Although the firm did not comment on possible acquisition negotiations with AMD, it did offer better-than-expected guidance for the current period.
Automotive and Datacenter Sales on the Rise
In the September quarter, Xilinx made $767 million with earnings per share (EPS) of $0.79. That meant the company’s sales contracted by 8 percent while its profit shrunk by 11 percent year-over-year. But its FQ2 financial results represented sequential income growth of 5 percent and a 108 percent rise in EPS.
The chipmaker’s intake also topped Wall Street estimates of $756.7 million in sales and EPS of $0.72.

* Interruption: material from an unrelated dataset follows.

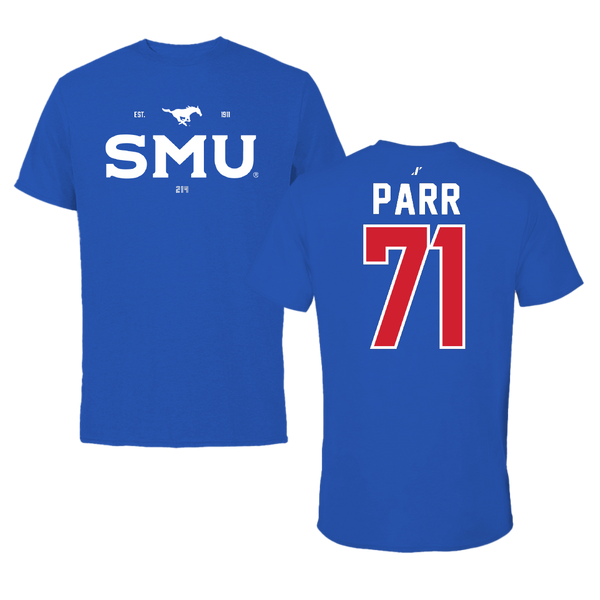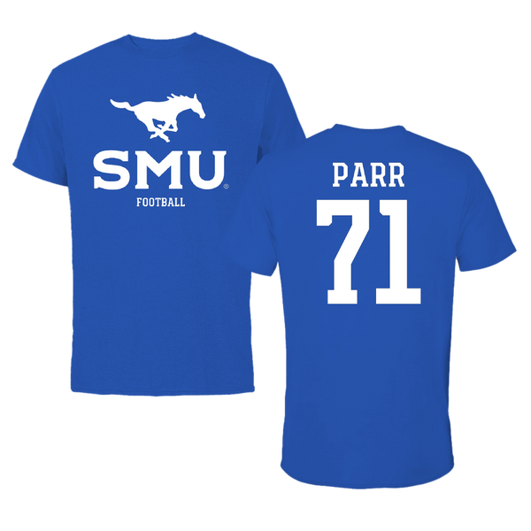 Southern Methodist University Football Blue Mascot Tee - #71 Logan Parr

Xilinx’s quarterly regulatory filings revealed its automotive revenue improved 36 percent sequentially while its datacenter income jumped 30 percent annually. The firm’s core business segment – which produces aerospace and defense; industrial; telecommunications, media & entertainment offerings – expanded by 11 percent year-over-year.
The manufacturer listed its T1 Telco Accelerator Card, a 5G networking component, as an FQ2 highlight. As fifth-generation mobile data networks have gone live in several key regions this year, the new product likely sold well.

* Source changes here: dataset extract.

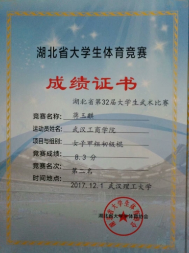 在工作上,作为武术社组织部部长,策划组织各项活动,与社团成员一起参加省级、校级的各项武术比赛和表演活动,获得“第32届大学生武术比赛女子甲组初级棍第二名”、“湖北省第15届运动会女子甲组自选刀术第四名”、“BB贝博艾弗森官方网站第一届‘黄家湖’杯武术比赛三路长拳第一名”等荣誉。

A Bright Future Ahead – With or Without AMD
For the holiday quarter, Xilinx anticipates bringing in between $750 million to $800 million. If the corporation hits the midpoint of its guidance, it will earn 7.19 percent more than it did in FQ3 2019. The company will record its first growth in five quarters if it meets its forecast’s low end.
Wall Street has pegged its current period income $774.2, so the company could upend analyst expectations.
Right now, Xilinx seems capable of delivering back to back earnings surprises. The mounting popularity of 5G-enabled smartphones should drive sales of its networking components for years to come. The firm also had design wins with Subaru and Continental in FQ2 and announced partnerships with Avnet and Samsung earlier in the year. Those collaborations should provide the chipmaker with new revenue streams going forward.
Although Xilinx has hearty near and long-term prospects, it is also reportedly considering a takeover offer.
Earlier this month, the Wall Street Journal reported AMD is interested in buying its fellow chipmaker for around $30 billion. Such a deal would give the firm’s stakeholders a significant return on their investments. But its leaders could believe operating as an independent corporation is a better idea since the corporation has real growth potential.
Nevertheless, Xilinx looks to have a bright future ahead as a subsidiary or standalone enterprise.